GIVEN DATA
****

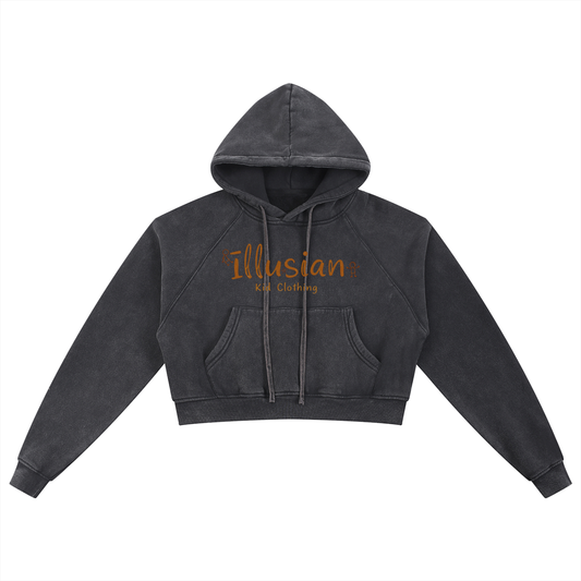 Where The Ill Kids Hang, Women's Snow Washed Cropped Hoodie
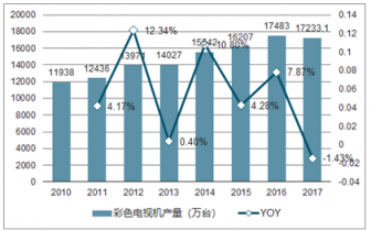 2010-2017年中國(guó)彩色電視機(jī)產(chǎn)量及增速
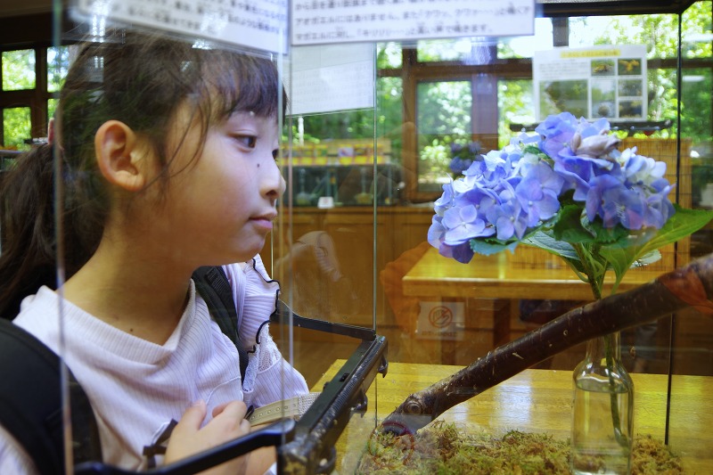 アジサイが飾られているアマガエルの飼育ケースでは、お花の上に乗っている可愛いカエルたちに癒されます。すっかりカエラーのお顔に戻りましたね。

****

Beginning with the line that includes "2010-2017年中國(guó)彩色電視機(jī)產(chǎn)量及增速" and ending with the last line of the material, reproduce those lines exactly and nothing else, with no pictures.

 2010-2017年中國(guó)彩色電視機(jī)產(chǎn)量及增速
 アジサイが飾られているアマガエルの飼育ケースでは、お花の上に乗っている可愛いカエルたちに癒されます。すっかりカエラーのお顔に戻りましたね。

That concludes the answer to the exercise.